▶ [Exercise aim]: Would you retype the entries from the first line to the line bearing "This Chanel Mini", both included, leaving out every picture?

=== Input ===

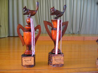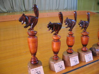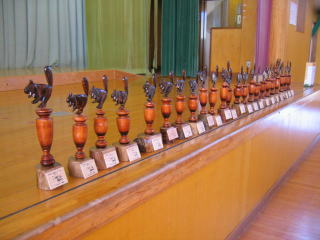 面白いトロフィーがたくさん並べてあります。
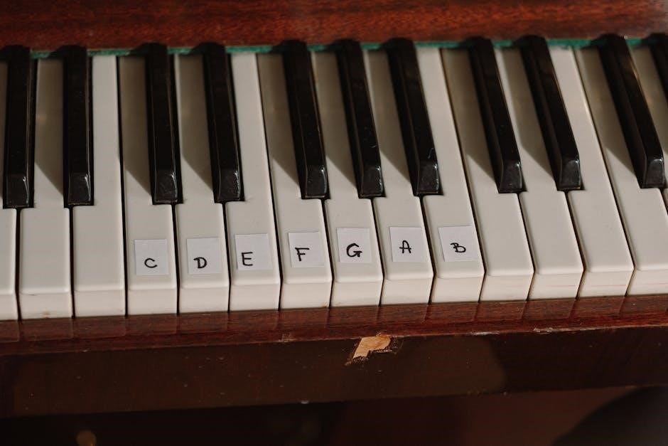 Reading piano chord symbols begins with understanding the structure of chords. A chord symbol typically consists of a root note and its intervals. For example, a C major chord is represented as C, with the notes C, E, and G. Minor chords are indicated with an “m,” such as Cm. Seventh chords, like C7, add an extra note for depth. Diminished and augmented chords use symbols like ° and +. Practice recognizing these symbols in PDF sheet music to improve your ability to translate them into actual notes on the piano keyboard. Regular practice enhances your sight-reading and playing skills effectively.
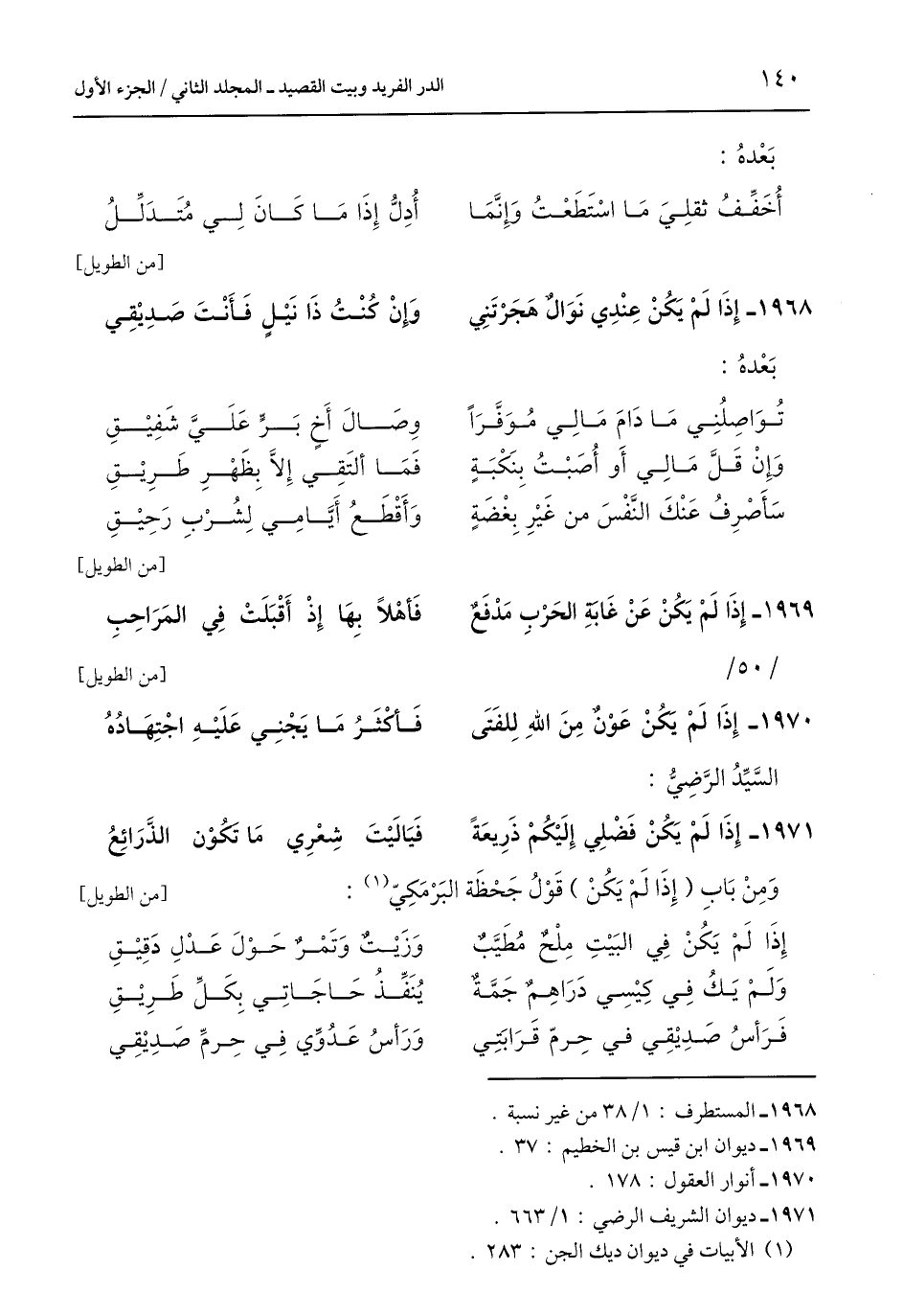 1971 - إِذَا لَمْ يَكُنْ فَضْلِي إِلَيْكُمْ ذَرِيعَةً ... فَيَالَيْتَ شِعْرِي مَا تَكُوْن الذَّرَائِعُ
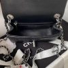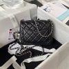 This Chanel Mini Square Pearl Embossed Flap Bag is crafted in black lambskin with antique silver hardware. It features a front flap with signature CC turnlock closure, tonal stitching, rear half-moon pocket, single interwoven black leather and antique silver chain link shoulder/crossbody strap with adjustable chain link “pearl” ball stopper.
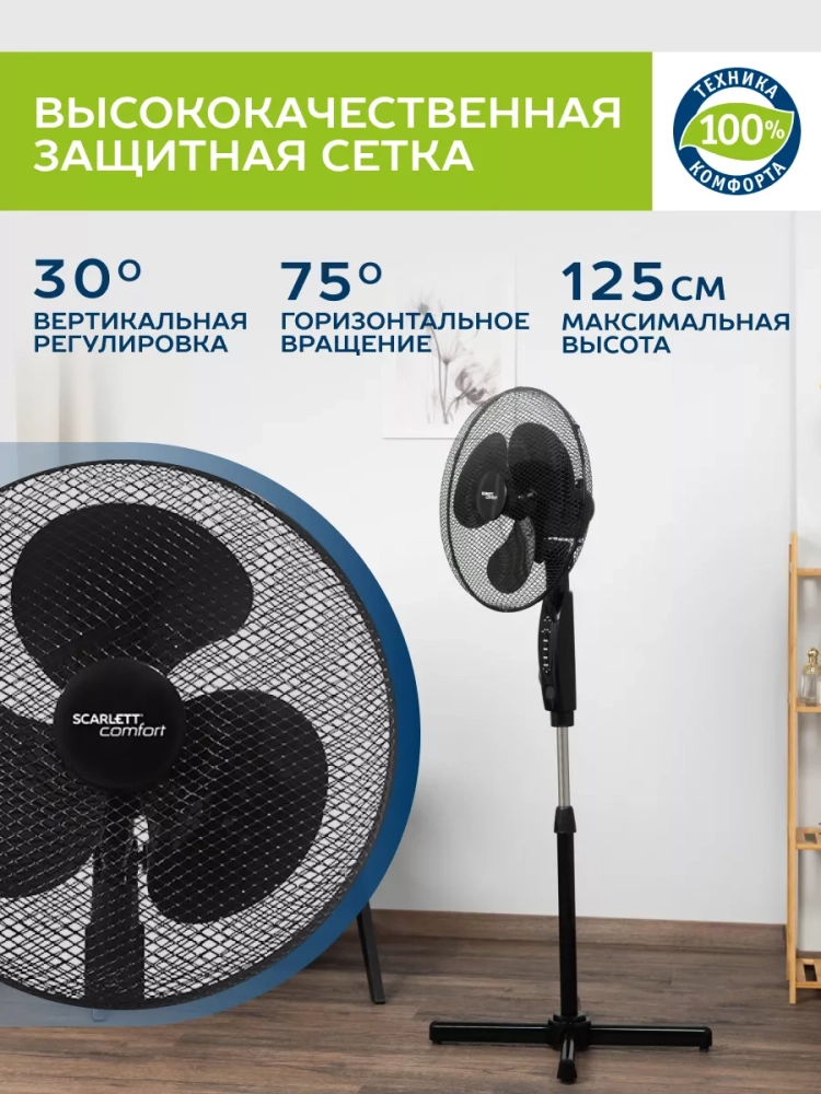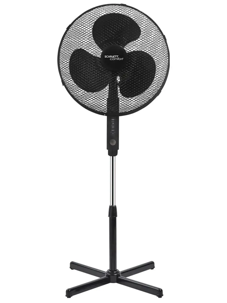Вентилятор Scarlett SC-SF111RC09 напольная модель идеально подходящая для дома и обладающая достойными техническими характеристиками. Мощность мотора равна 40 Вт. Потоки воздуха создают три лопасти. На выбор 3 режима скоростей. Установить время работы на ночь поможет таймер. Управление прибором возможно из любой точки помещения при помощи пульта дистанционного управления. Возможность регулировки высоты, угла наклона и вращения поможет угодить любому пользователю.
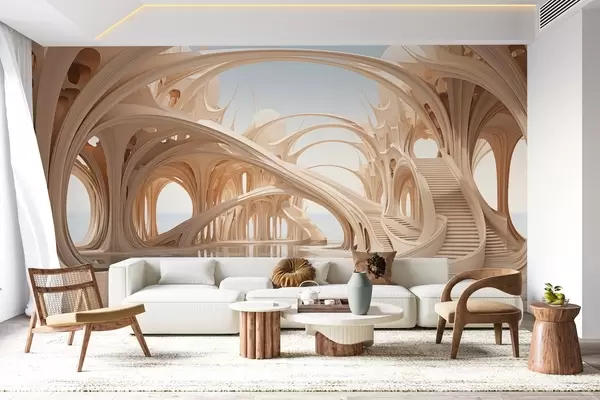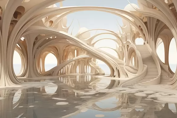 Тапете за зид Фантазијска архитектура са луковима изнад воде бр. w09241
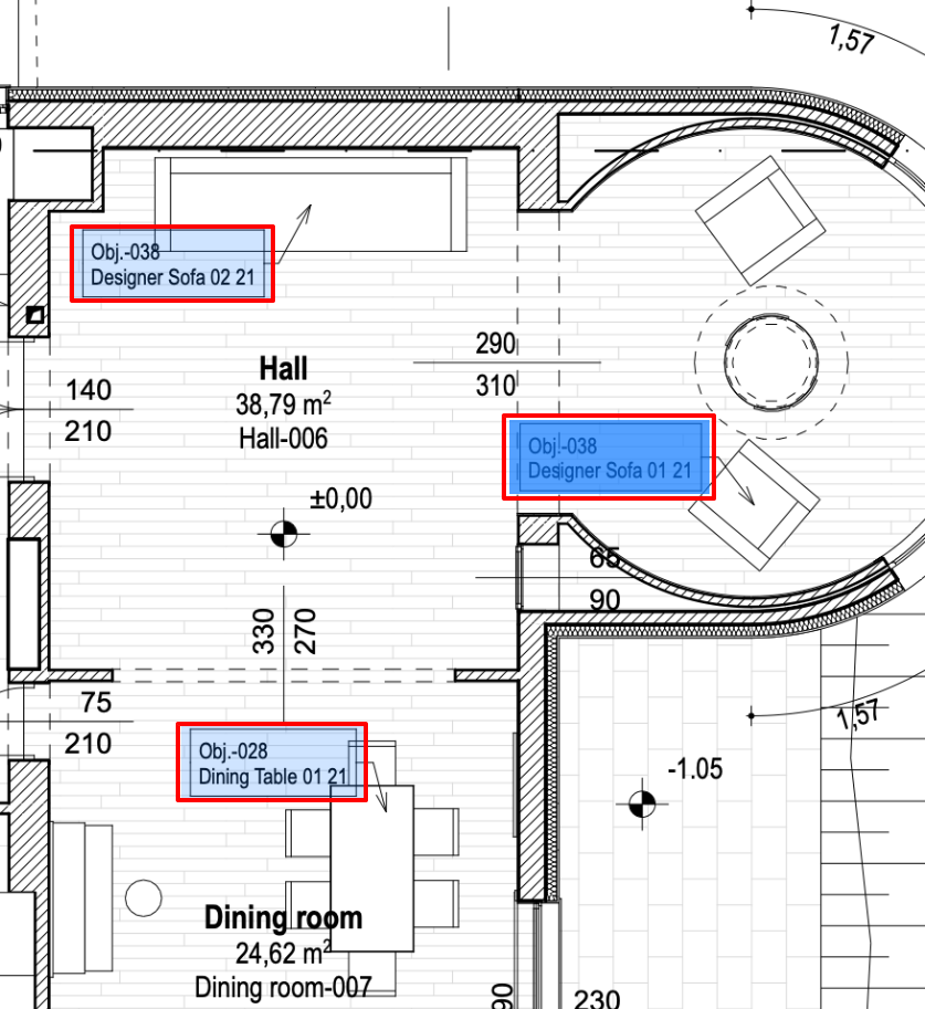 Su un layout in BIMx, è sufficiente fare clic su un'etichetta (evidenziata da un rettangolo blu) per visualizzare le informazioni sull'elemento. (Sugli elementi del modello 3D che hanno etichette appaiono dei rettangoli interattivi.)
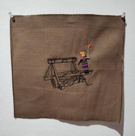Quitapenas Cannon (2023), Quitapenas Bazooka (2020), Quitapenas Pistol (2023), Quitapenas Archery (2020), Quitapenas Catapult (2023), Quitapenas CM176 (2020), manual and industrial embroidery on canvas and Quitapenas doll.
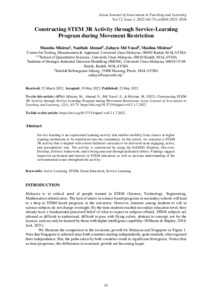 Misiran, Masnita and Ahmad, Nazihah and Md Yusof, Zahayu and Misiran, Maslina (2022) Constructing STEM 3R Activity through Service-Learning Program during Movement Restriction. Asian Journal of Assessment in Teaching and Learning, 12 (1). pp. 63-75. ISSN 2821-2916
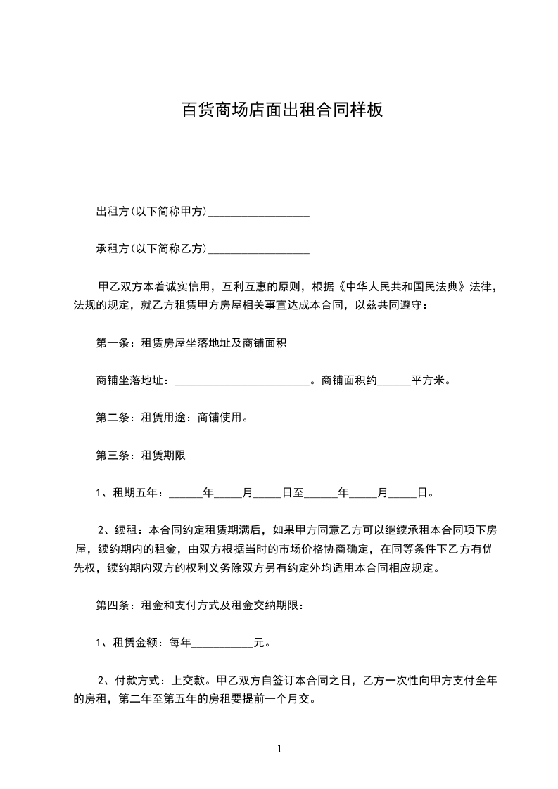 第一年租金为______________元人民币,大写______________圆整。第二年租金经双方协商约定_________________.租金支付方式_________________.
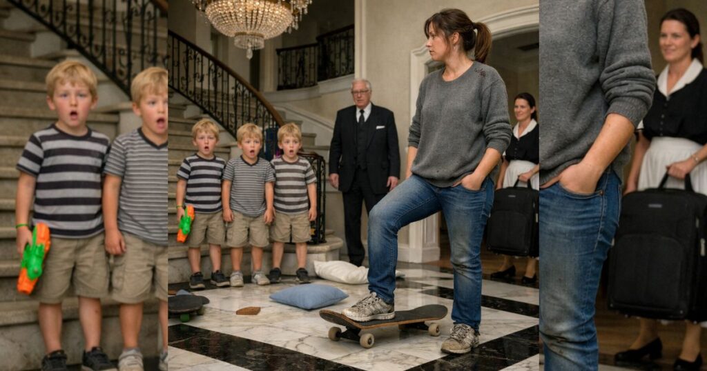 The Billionaire’s Wild Triplets Drove Every Nanny Out in a Day—Until a Small-Town Single Mom Rode a Skateboard Through Their Mansion, Found Their Mother’s Hidden Letters, and Changed Everything
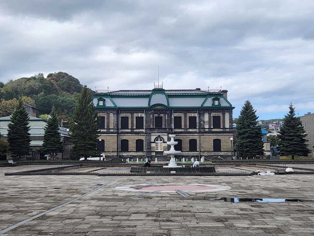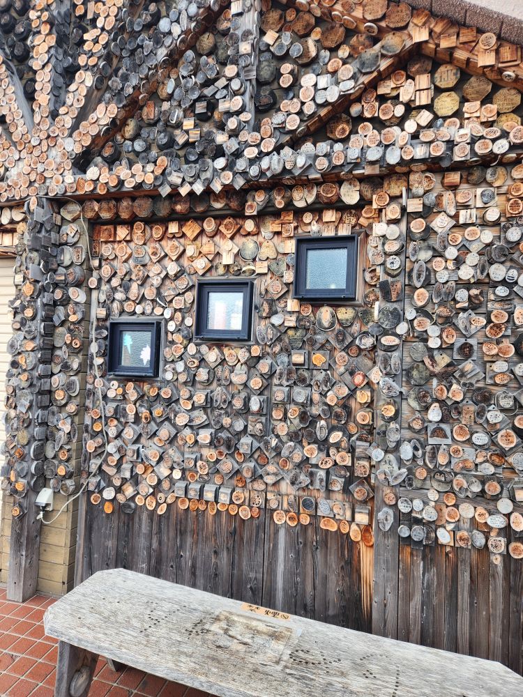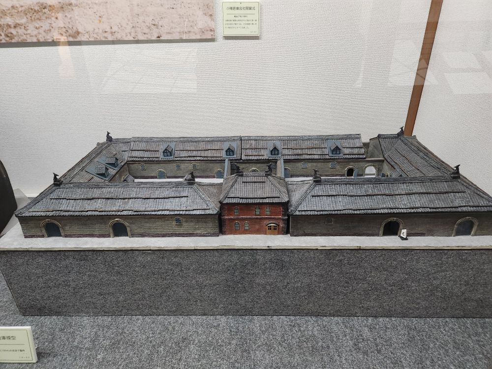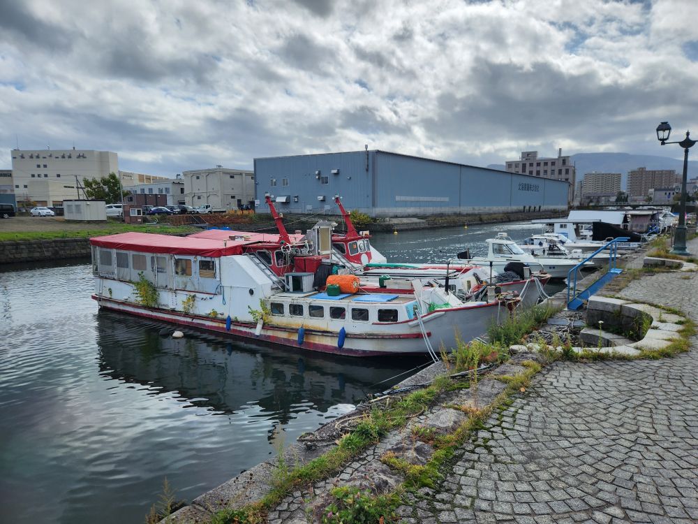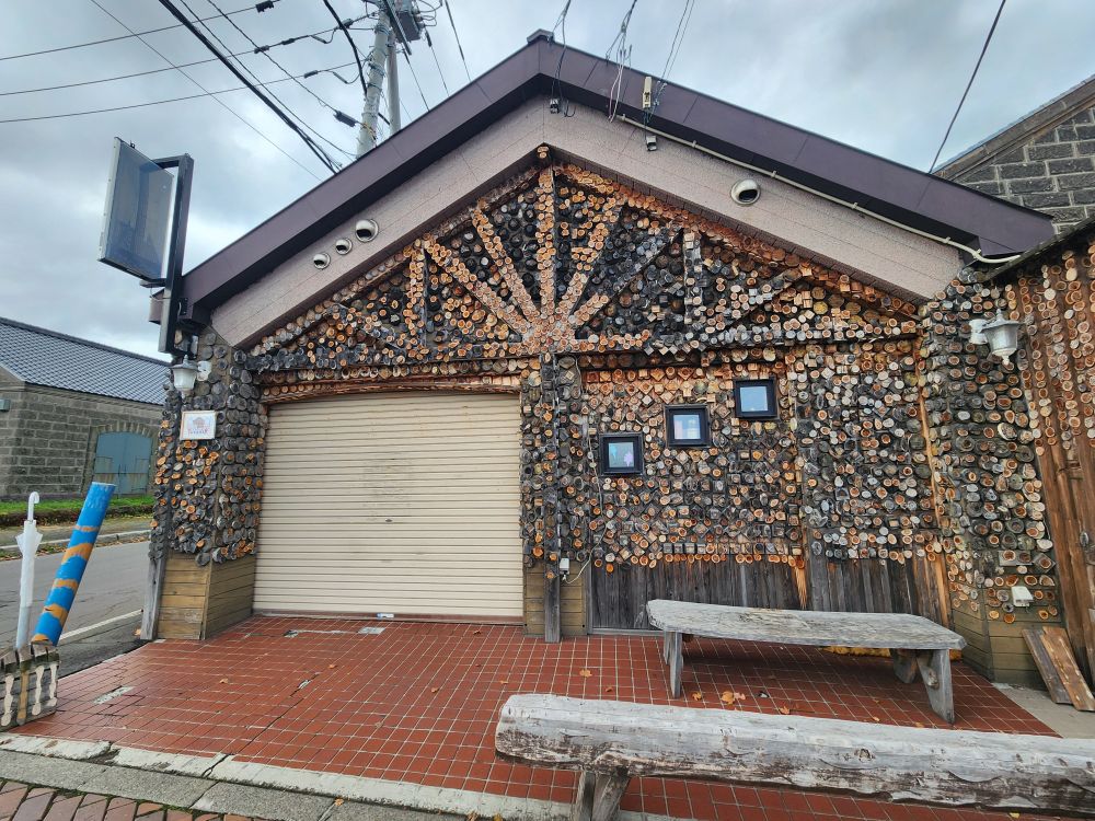 Shopping excursion done, we headed back into town proper for the history museum because you could buy a pass with the train museum. Walking past some great architecture – an ice cream shop that uses slices of trees as ornamentation on the outside walls, where people sign their names or draw little cartoons – totally different. Continuing on to walk alongside the 1 km long Otaru canal, originally constructed to be used as a waterway for barges to take goods from cargo ships moored in the harbor into town. When the new port facility was developed, the canals became superfluous and are now used as a tourist attraction offering canalboat rides up and down. We will follow the canal all the way into the main town, passing landmarks such as the building that housed one of the main importers in the time, the Nihon Yusen Company – looking more like a state house – past numerous boats, some made for transport, some just whimsical (and we think a bar in the later afternoons!) – and lots of great statues before reaching our History museum destination.

===

▶ [Finished task]:
 面白いトロフィーがたくさん並べてあります。
 Reading piano chord symbols begins with understanding the structure of chords. A chord symbol typically consists of a root note and its intervals. For example, a C major chord is represented as C, with the notes C, E, and G. Minor chords are indicated with an “m,” such as Cm. Seventh chords, like C7, add an extra note for depth. Diminished and augmented chords use symbols like ° and +. Practice recognizing these symbols in PDF sheet music to improve your ability to translate them into actual notes on the piano keyboard. Regular practice enhances your sight-reading and playing skills effectively.
 1971 - إِذَا لَمْ يَكُنْ فَضْلِي إِلَيْكُمْ ذَرِيعَةً ... فَيَالَيْتَ شِعْرِي مَا تَكُوْن الذَّرَائِعُ
 This Chanel Mini Square Pearl Embossed Flap Bag is crafted in black lambskin with antique silver hardware. It features a front flap with signature CC turnlock closure, tonal stitching, rear half-moon pocket, single interwoven black leather and antique silver chain link shoulder/crossbody strap with adjustable chain link “pearl” ball stopper.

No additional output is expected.